№ C август 2001 г.
Олег
Носков
Дым
без огня
(Являются ли патриоты носителями державного сознания?)

К сожалению, мы
слишком упрощаем картину нашего кризиса, полагая, что виной всему -
тлетворное влияние чуждых идеологий. Однако, как показывает нынешняя
действительность, печальный опыт минувших десятилетий так ничему и не
научил нас: национальное самоубийство продолжается. Поэтому резонно
задать вопрос: а не являемся ли и мы, радетели русской державности и
православия, носителями той болезни, которую приписываем исключительно
нашим оппонентам-западникам? Являются ли современные русские патриоты
державниками по духу (а не по рассудку)? И чтобы ответить на
поставленный вопрос о духовной сущности нынешних державников, необходимо,
прежде всего, выяснить, какова сущность самого державного духа, а также
какова сущность того, что державным духом не является и даже абсолютно
ему противоречит.
У истоков всех
великих цивилизаций стоят особые натуры - энергичные и жертвенные. Именно
благодаря их, по сути дела, подвижнической деятельности в обществе создаётся
что-то великое, достойное восхищения. А что такое великая цивилизация,
как не та же держава? Основная черта истинного державника - это жертвенность,
то есть способность бескорыстного отречения от своих личных преходящих
интересов во имя каких-либо высших целей. А это будет ничто иное, как
подвижничество в его чистом виде. Таким образом, любая держава
является закономерным результатом подвижнической деятельности, а по
существу - воплощением некоей идеи, служение которой воспринимается
как высший смысл существования. Именно на этом поприще выражает себя
державный дух.
Коротко сущность
державного духа можно обозначить как экспансию, или волю к расширению
и утверждению. Становление любой державы - это всегда выход вовне, за
локальные, местные границы. Так, маленький город Рим, подчиняя соседние
города и народы, постепенно становится центром огромной империи. Или,
например, небольшое Московское княжество, расширяя свои владения, становится
в итоге могучим государством - Россией. Впрочем, много примеров приводить
не нужно, ибо всё это хорошо известно. Главное, на что нужно обратить
внимание, - это соответствие между видимыми социальными процессами и
процессами невидимыми, психическими. То есть, каждый человек, обладающий
качествами подвижника, стремится инстинктивно вырваться за пределы обыденных
границ, перешагнуть через порог известного и предсказуемого: путешественник
стремится попасть в неизвестные земли, воин стремится сразиться с незнакомым
противником (то есть с таким, с которым он ещё не сталкивался), мыслитель
стремится постичь глубокие тайны, художник стремится творить новые образы,
политик стремится испытать себя в рискованном предприятии (то есть опять-таки
на поприще чего-то неизвестного). И когда народ, пусть даже очень небольшой,
настроен на этот лад, он с успехом преодолевает свою "фольклорную"

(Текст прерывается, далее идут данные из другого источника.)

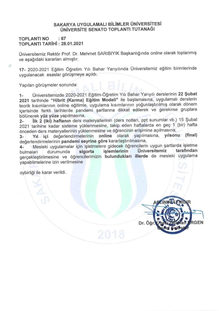 SAKARYA – Sakarya Uygulamalı Bilimler Üniversitesi (SUBÜ), 2020-2021 Akademik Yılı Bahar Yarıyılı’na ilişkin eğitim-öğretim kararlarını açıkladı. Buna göre yeni döneme Sağlık Bakanlığı ve Yükseköğretim Kurulu’nun (YÖK) görüş birliğine vararak aldığı uygulamalı eğitimin yüz yüze yapılabileceği kararı doğrultusunda hibrit (karma) eğitimle devam edilecek. Teorik dersler ve uygulamalı derslerin teorik kısımları uzaktan (online) yapılacak. İşletmelerde yapılan mesleki uygulamalara devam edilecek. Derslerin uygulamaları ise dönem içerisinde yoğunlaştırılmış olarak yapılacak. Buna ilişkin kararlar ilgili birimlerin web sayfalarında açıklanacak. 1 yılı aşkın süredir okullarından ayrı kalan öğrenciler derslerin uygulamaları için de olsa okullarına kavuşmuş olacak.

ограниченность и становится создателем новой державы, распространяя
своё влияние на окружающие "малые" народы.
Тот факт, что у
истоков новой Российской державы (пока только воображаемой) стоят не
подвижники, а всего лишь общественно-политические деятели "мирского"
склада, говорит о многом. Ведь по фундаменту можно судить и обо всём
здании, о его прочности и величине. Русские патриоты, конечно же, не
претендуют на роль святых отцов, однако, по логике вещей должны в первую
очередь отстаивать идеалы подвижнического самоотречения, без которых,
как было сказано, немыслимо державное строительство. И вот тут-то наши
патриоты-державники обнаруживают совершенно иные духовные установки,
которые никак не вяжутся с их державными симпатиями.
Начнем с того,
что русские патриоты, несмотря на их формальный "милитаризм",
совершенно искренне отрицают любые формы военной экспансии. Отрицают
по чисто моральным соображениям. То есть, все военные захватчики в их
глазах являются злобными оккупантами, достойными всяческих порицаний.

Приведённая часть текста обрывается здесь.